They are showing all of season 3 an episode or two each night from 5/19-5/30, with a marathon of the entirety of season 3 (10 episodes) on Memorial Day from 9:00 a.m. to 7:00 p.m. CT thrown in. If you've been looking to get caught up or refreshed, here's your chance.


----------



## Allanon (Nov 2, 2005)

Here is a good website that is constantly updated with premiere dates:

http://www.metacritic.com/feature/tv-premiere-dates


----------



## JLucPicard (Jul 8, 2004)

Sorry about the late notice, but Season 3 of *Major Crimes* began tonight. There is another airing of the season premiere episode later tonight and also on Saturday and next Monday before the new ep.


----------



## JLucPicard (Jul 8, 2004)

Season 5 of _*Rookie Blue*_ begins this Thursday, June 19th at 8:59/7:59 CT with a two hour (and one minute) double episode scheduled as one solid block.

The original air date indicates 5/19/14 (I'm guessing a Canadian airing?), so you'll want to set New & Reruns or Everything to catch this.

The next week airs again at 8:59/7:59 CT for one hour.


----------



## Archangel00 (Aug 25, 2006)

A good many premieres/returns over the next few days.
http://www.metacritic.com/feature/tv-premiere-dates
The Knick
Outlander
Legends
Franklin & Bash
just to name a few of the "higher profile" ones..


----------



## Peter000 (Apr 15, 2002)

Isn't it just about time for the 2014/2015 thread?


----------



## DevdogAZ (Apr 16, 2003)

Peter000 said:


> Isn't it just about time for the 2014/2015 thread?

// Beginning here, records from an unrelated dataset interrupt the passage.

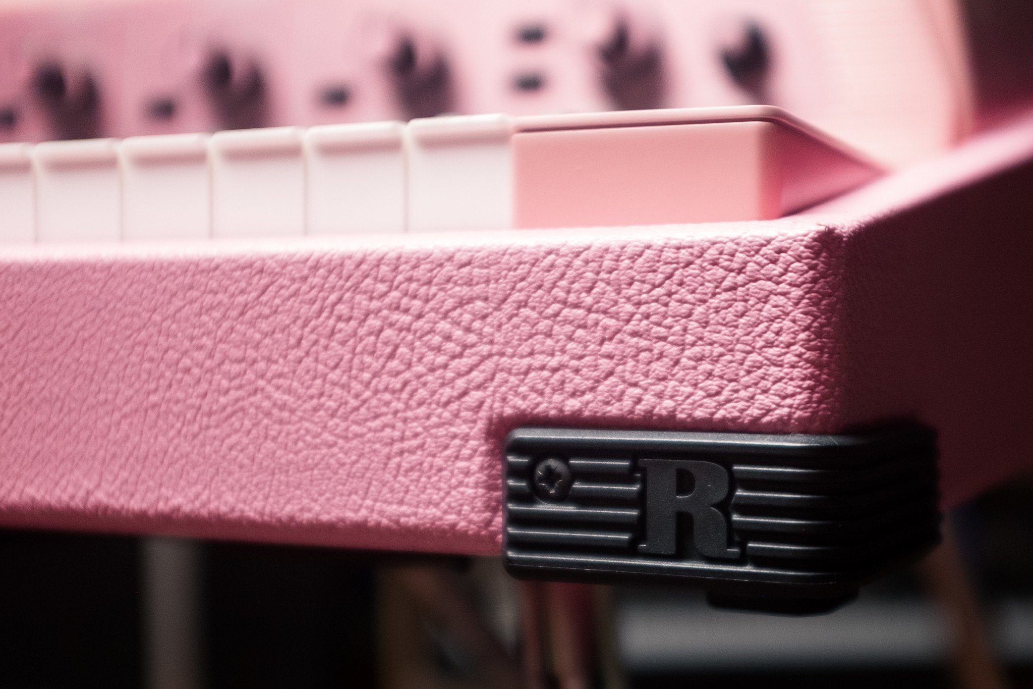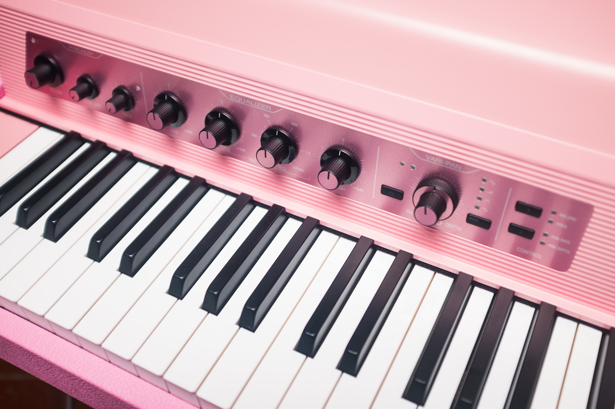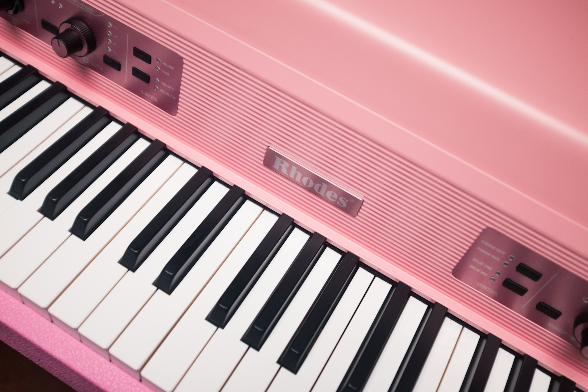 silver-on-rose-pink logo plates and colour-matched sustain pedal with matching footplate,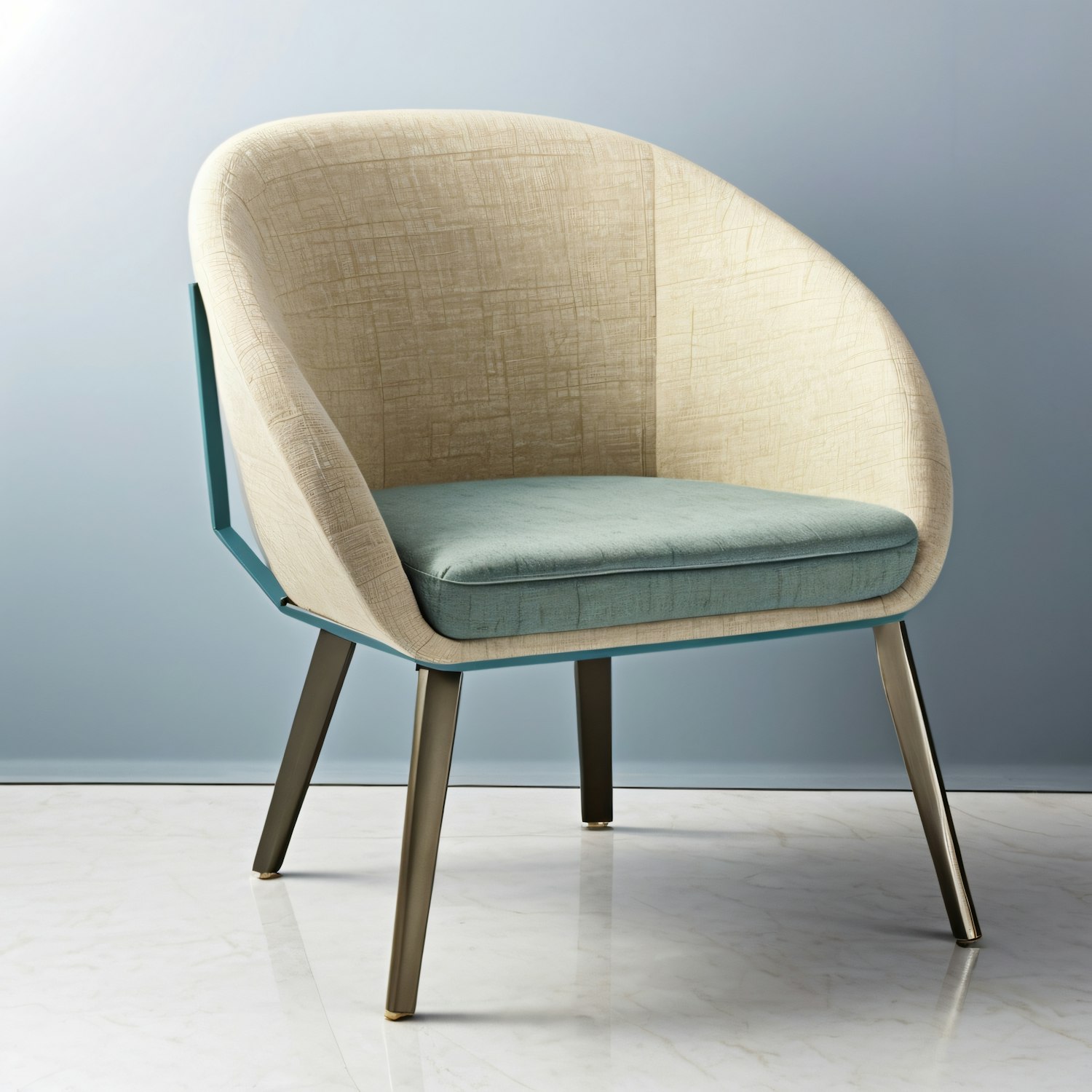 Modern chair with beige upholstery and teal cushion, set against a light blue background. Features sleek metallic legs and a marble floor.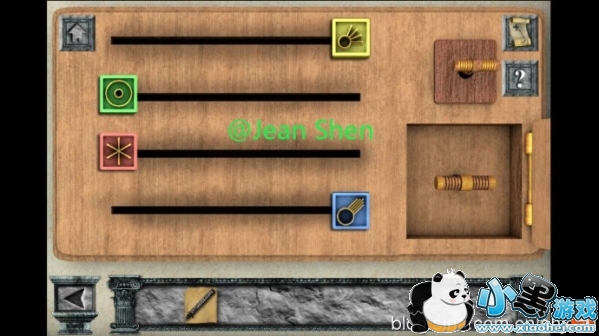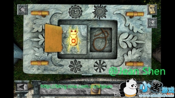 按照这个提示,调整山洞旁边的东西上的图案如下,得以打开黄色盖子,然后把之前从蘑菇上得到的虫,放进去,可以得到一根绳子;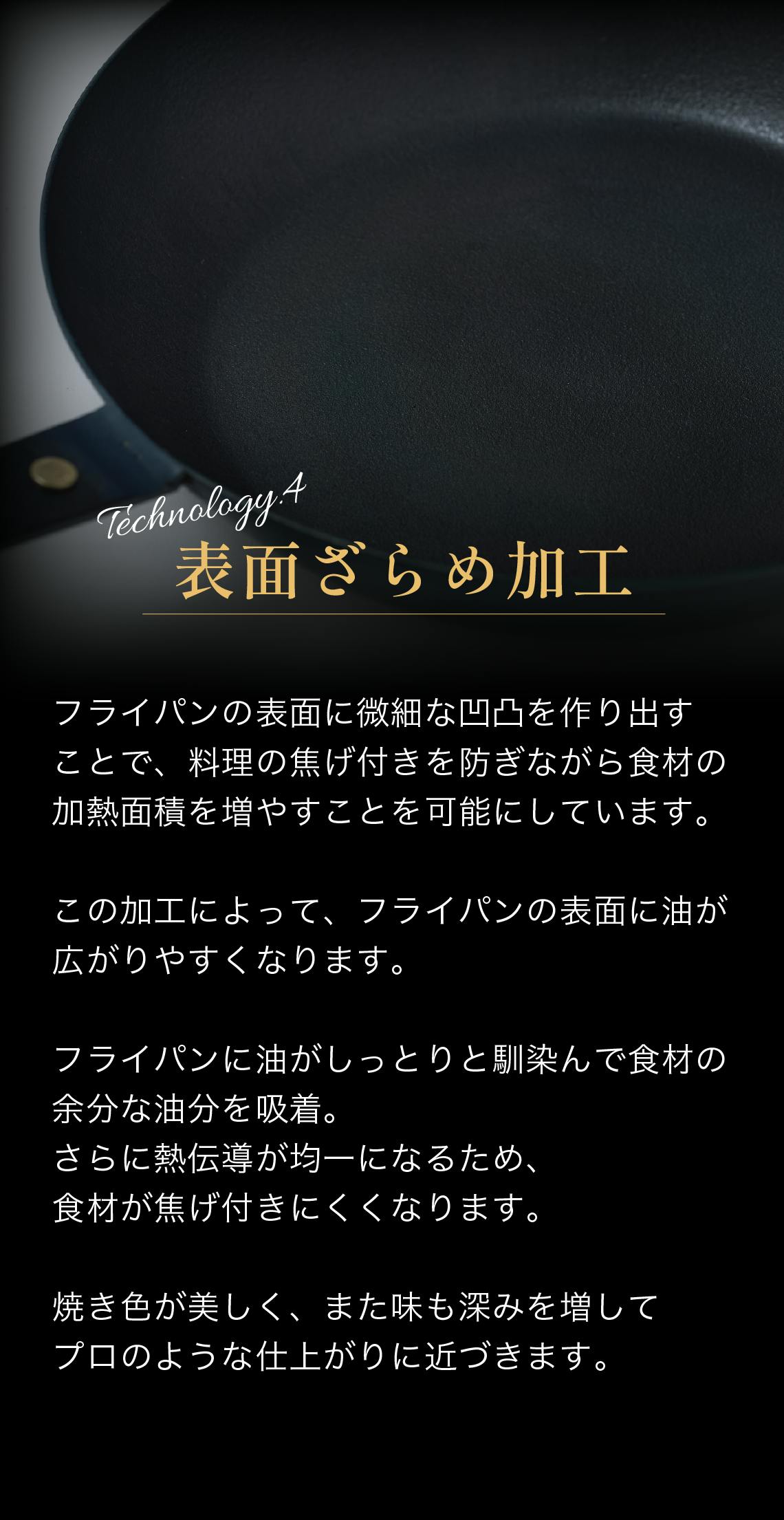この穴に油が入り込むことで、フライパン表面に薄い油の膜が作られます。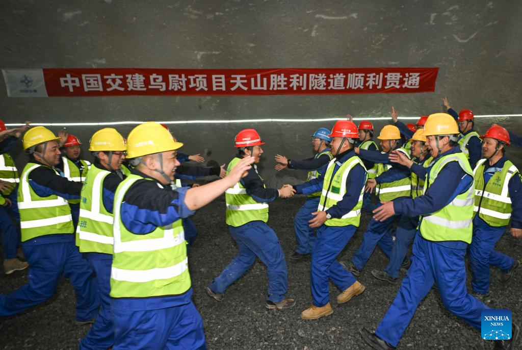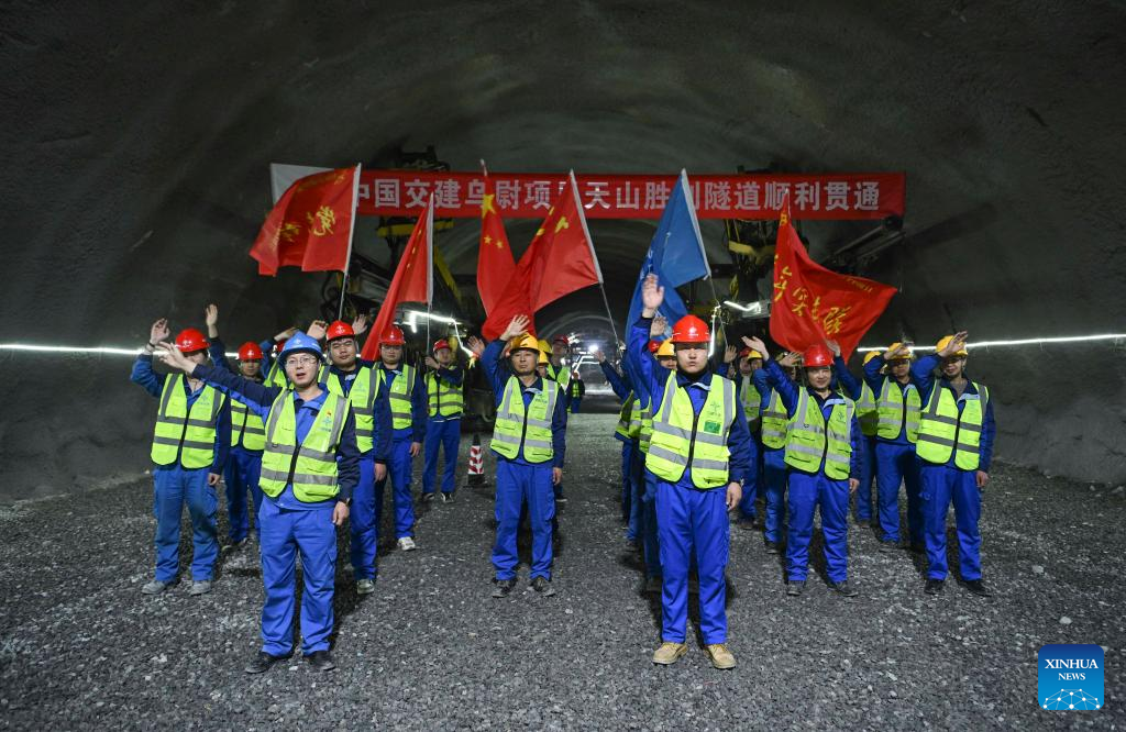 This photo taken on Dec. 30, 2024 shows a ceremony held to mark the drill-through of the Tianshan Shengli Tunnel along the Urumqi-Yuli Expressway in northwest China's Xinjiang Uygur Autonomous Region. The Tianshan Shengli Tunnel, the world's longest expressway tunnel, completed tunneling Monday morning, paving the way for the opening of a new shortcut linking southern and northern parts of China's Xinjiang Uygur Autonomous Region. (Xinhua/Hu Huhu)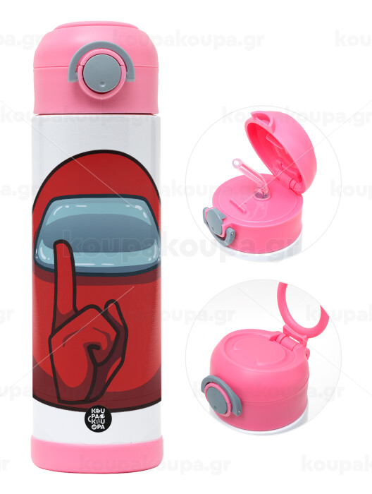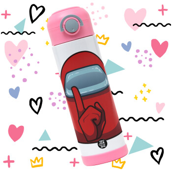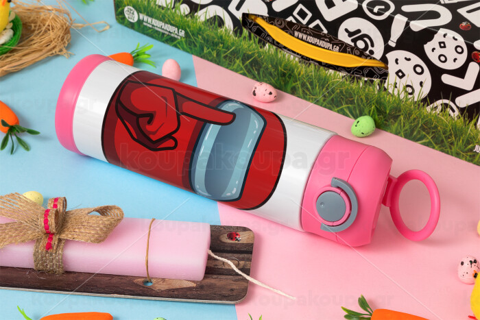 Among US, Πασχαλινή Λαμπάδα με Παιδικό παγούρι θερμό, ανοξείδωτο, με καλαμάκι ασφαλείας, ΡΟΖ (500ml)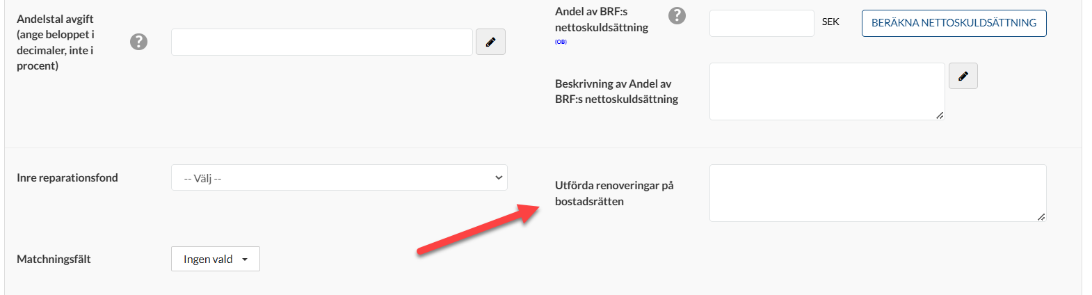 Användare har upplevt det svårt att hitta rätt fält för att fylla i renoveringar som gjorts i den specifika bostadsrätten. Tanken är att det här fältet ska användas till det framöver.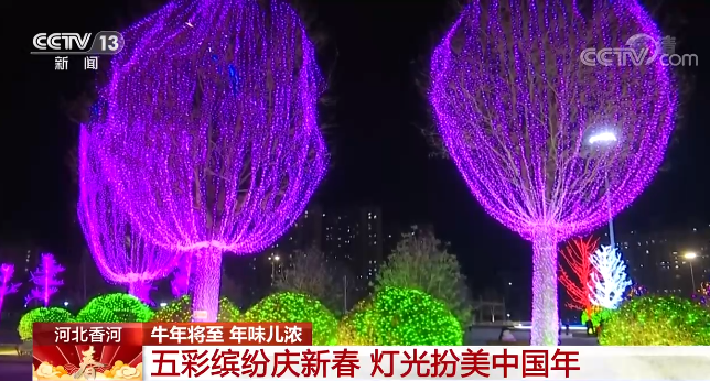 在河北廊坊市香河縣,城區(qū)亮化景觀和節(jié)日彩燈全部點(diǎn)亮。新城公園、五一公園等重要節(jié)點(diǎn)的亮化光源裝飾一新,街道兩側(cè)的行道樹(shù)上纏繞著五彩繽紛的線燈,營(yíng)造出錯(cuò)落有序、層次鮮明的亮麗夜景。街道兩側(cè)一串串火紅的燈籠,烘托出濃濃的年味。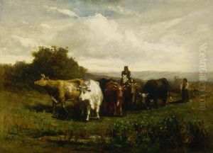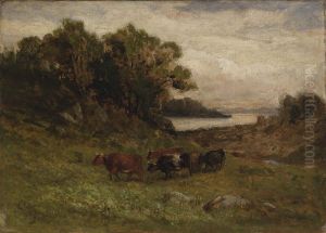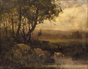 Untitled (forest scene with bridge, cows in stream in foreground)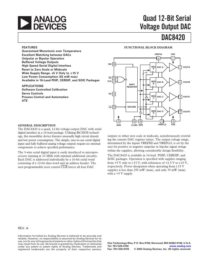 ANALOG DEVICES DAC8420 数据手册.pdf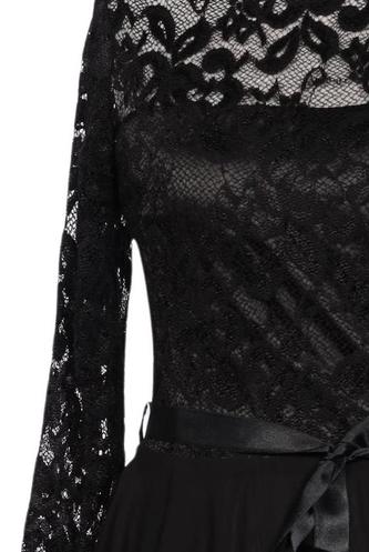 | Details | Satin, Spitze, Langarm, Bindegürtel, Rundhals, Reißverschluss/Knöpfe hinten, Einfarbig |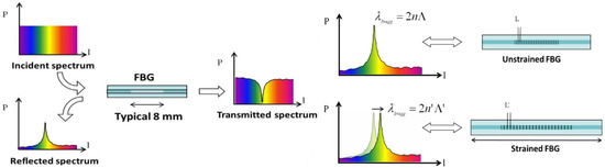(a) Light spectrum: incident, transmitted, and reflected; (b) Bragg shift concept [21].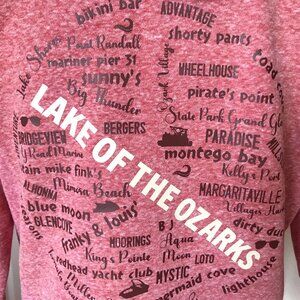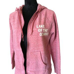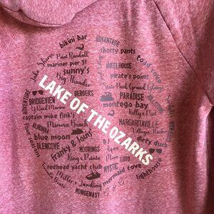Lake hoodie, size M (8-10), with Lake of the Ozarks graphics containing names of various marinas and landmarks. This is a recycled pink sweatshirt hoodie with full front zipper to which LOZ graphics have been applied in brown and light tan. This sweatshirt would make a great unique gift for any LOZ enthusiast!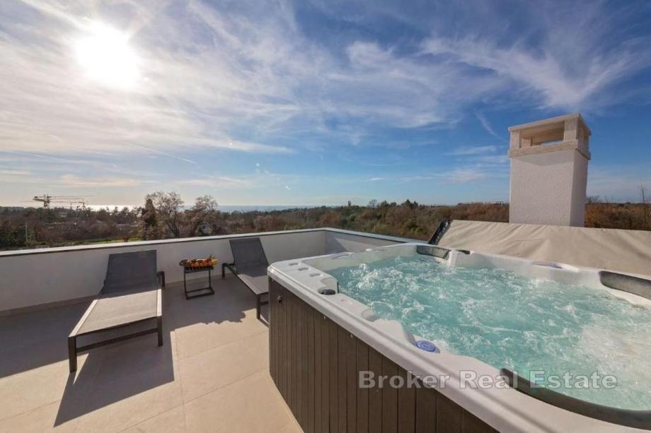 Prizemna je etaža s katom povezana modernim unutarnjim stubištem. Na katu se nalaze tri savaće sobe od kojih svaka ima vlastitu kupaonicu a neke i izlaz na terasu. Na krovnoj se terasi nalazi jacuzzi i s nje se pruža prekrasan otvoren pogled na more koje je od vile udaljeno oko 500 m.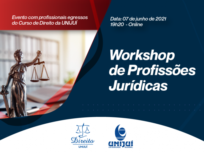 Na próxima segunda-feira, dia 7 de junho, a partir das 19h20, acontece o Workshop de Profissões Jurídicas, somente com profissionais egressos dos cursos de Direito da Unijuí – campi de Ijuí, Santa Rosa e Três Passos.
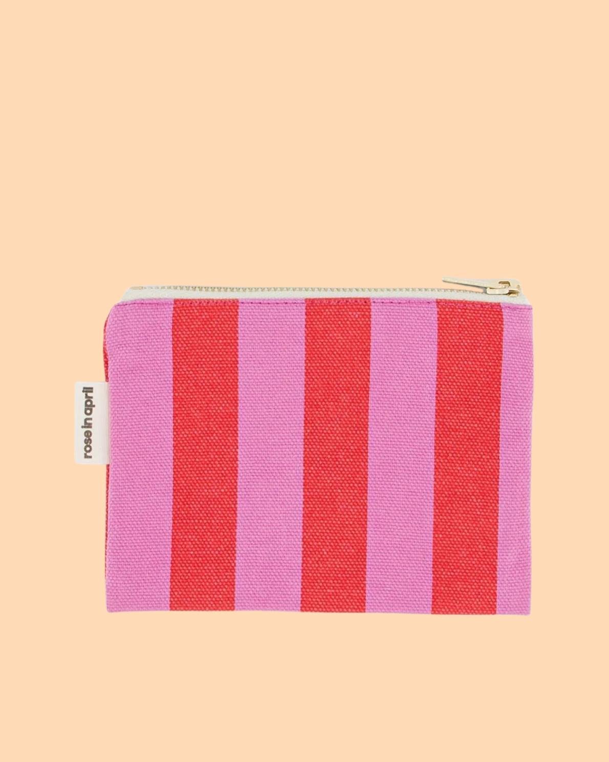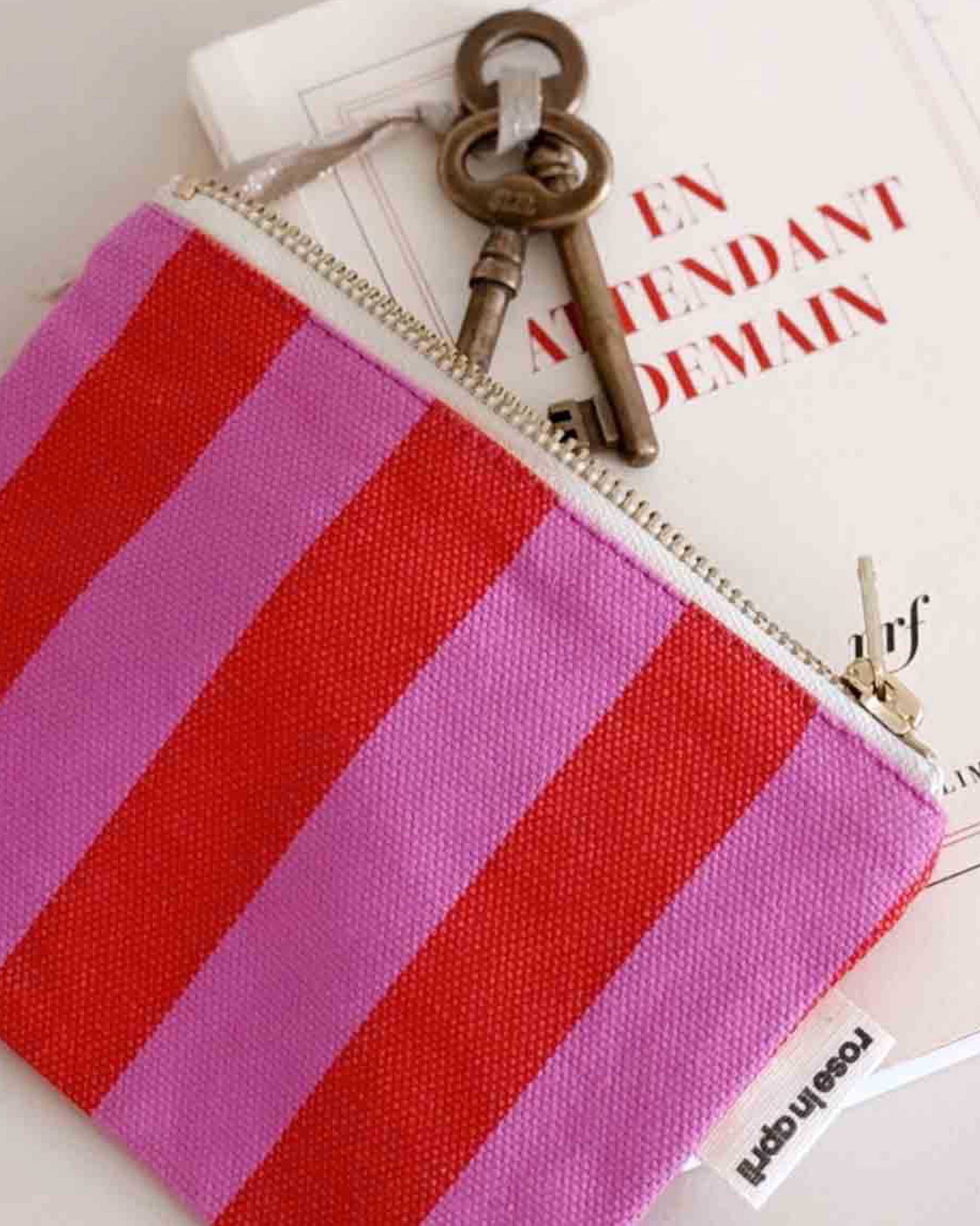 Der Geldbeutel Marie Stripes Orchid/Red von rose in april ist aus ÖKO-TEX-Baumwolle und wurde in Portugal hergestellt. Der gepunktete Baumwollstoff im Inneren ist wasserabweisend beschichtet.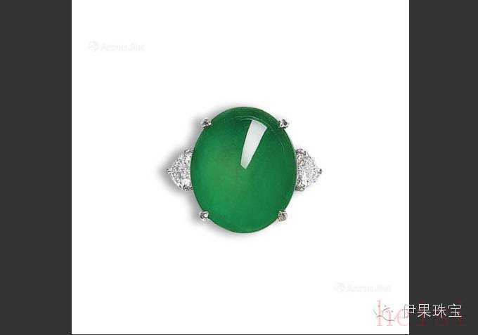 上圖是一枚戒指由天然翡翠鑲嵌鉆石而成,指環(huán)尺寸61/2,翡翠蛋面尺寸為18.5*15.62*7.75(mm),搭配18K白金鑲嵌而成,配鉆共重1克拉。當時估價HKD2200000~2800000

Feel free to start one. Newsposter has stated he doesn't want to manage these threads anymore, so they're fair game to anyone who wants that responsibility.


----------



## Allanon (Nov 2, 2005)

Peter000 said:


> Isn't it just about time for the 2014/2015 thread?


Why is this thread needed when you have sites like these:

Metacritic

Futon Critic

plus the many other entertainment sites with lists?


----------



## Archangel00 (Aug 25, 2006)

Yeah seems like a lot of needless work parsing what can just be easily linked to, into it's own list here any more. Anyone/Everyone could just do something similar to what I did above once a week from now on. Just bump this, or a new thread, with the highlights for the week and the link to metacritic, or something else, if it's a better reference.


----------



## Archangel00 (Aug 25, 2006)

Hopefully everyone realizes the new fall season is upon us now
http://www.metacritic.com/feature/tv-premiere-dates


----------